### EXERCISE
Copy out exactly the lines from the one containing "горечью рассказал отец." through the end of the records, and no pictures.
-.-.-
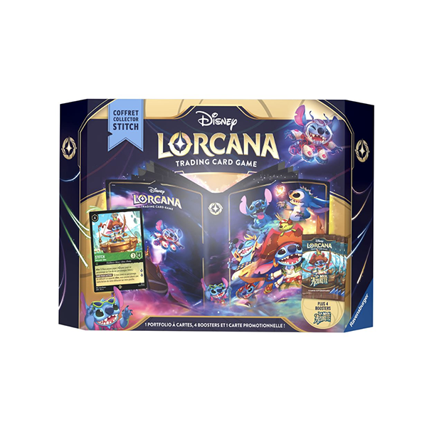 Ce coffret collector Stitch met à l’honneur votre extra-terrestre espiègle favori ! Faites (vous) plaisir avec ce coffret cadeau ! La carte brillante de Stitch – Boucanier Alien, au revêtement spécial évoquant les vagues, apporte du style et de nouvelles options à vos decks. Ce coffret cadeau est livré avec 4 boosters La Mer Azurite pour enrichir rapidement votre collection et ajouter de la variété à vos decks. Il comprend également un Portfolio, orné de nombreux Glimmers Stitch, pour ranger jusq’à 252 cartes Disney Lorcana…
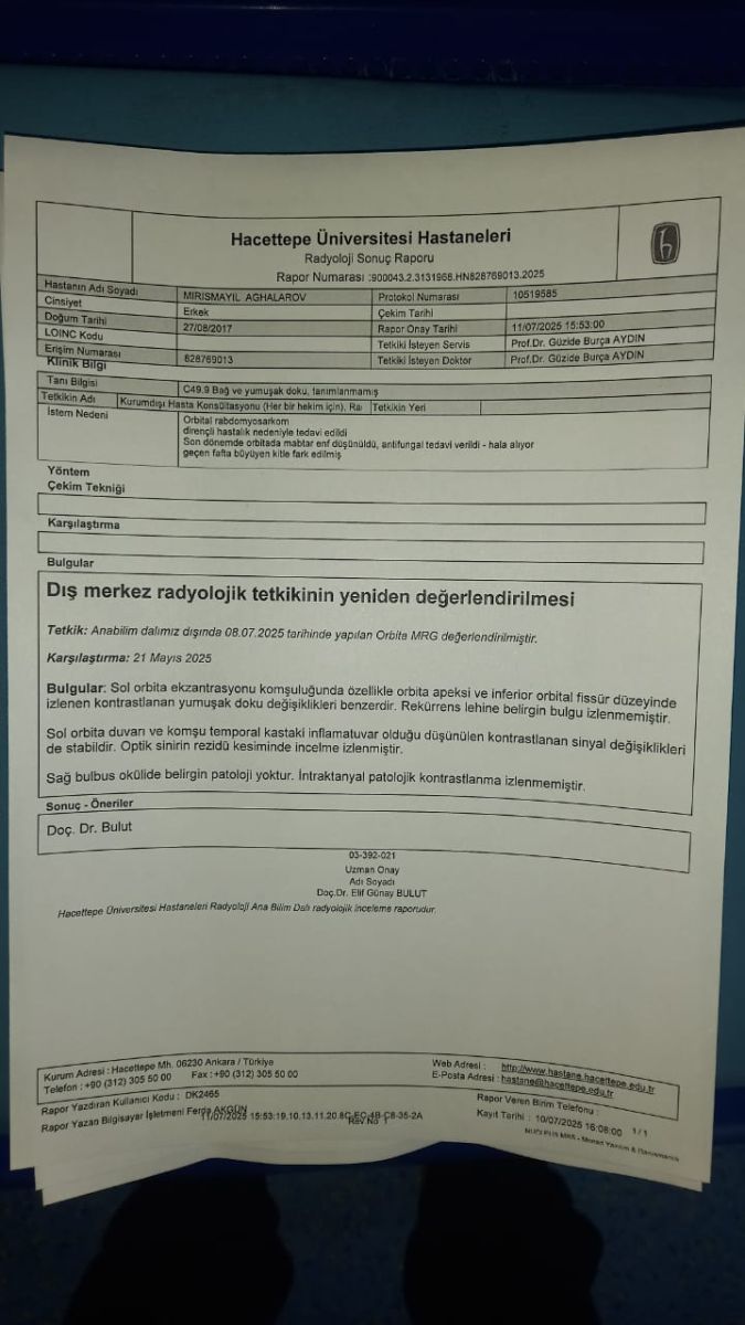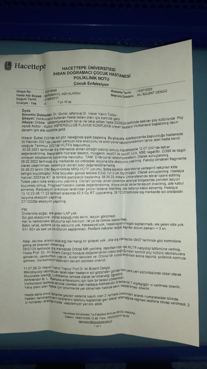 «Более шести лет он проходил лечение в клинике «Хаджеттепе» в Анкаре, Турция. Бесчисленные сеансы химиотерапии и операции оказались безуспешными. Левый глаз Мирисмаила был ампутирован», - с горечью рассказал отец.
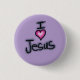 Ich Liebe Jesus ich Herzen Jesus lila Button. Lass ihnen wissen, wie du über Jesus denkst! Handgeschriebener schwarzer Text mit einem hellrosa Herz. Personalisieren Sie die Hintergrundfarbe mit dem Werkzeug Bearbeiten. Viel Spaß!
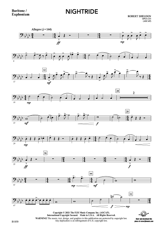 "Nightride - Baritone / Euphonium" Sheet Music by Robert Sheldon
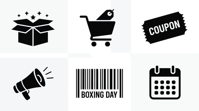 Vector icons set for sales and shopping promotions including box coupon cart barcode megaphone and calendar vector illustration white background
-.-.-
### WRITTEN RESPONSE
 «Более шести лет он проходил лечение в клинике «Хаджеттепе» в Анкаре, Турция. Бесчисленные сеансы химиотерапии и операции оказались безуспешными. Левый глаз Мирисмаила был ампутирован», - с горечью рассказал отец.
 Ich Liebe Jesus ich Herzen Jesus lila Button. Lass ihnen wissen, wie du über Jesus denkst! Handgeschriebener schwarzer Text mit einem hellrosa Herz. Personalisieren Sie die Hintergrundfarbe mit dem Werkzeug Bearbeiten. Viel Spaß!
 "Nightride - Baritone / Euphonium" Sheet Music by Robert Sheldon
 Vector icons set for sales and shopping promotions including box coupon cart barcode megaphone and calendar vector illustration white background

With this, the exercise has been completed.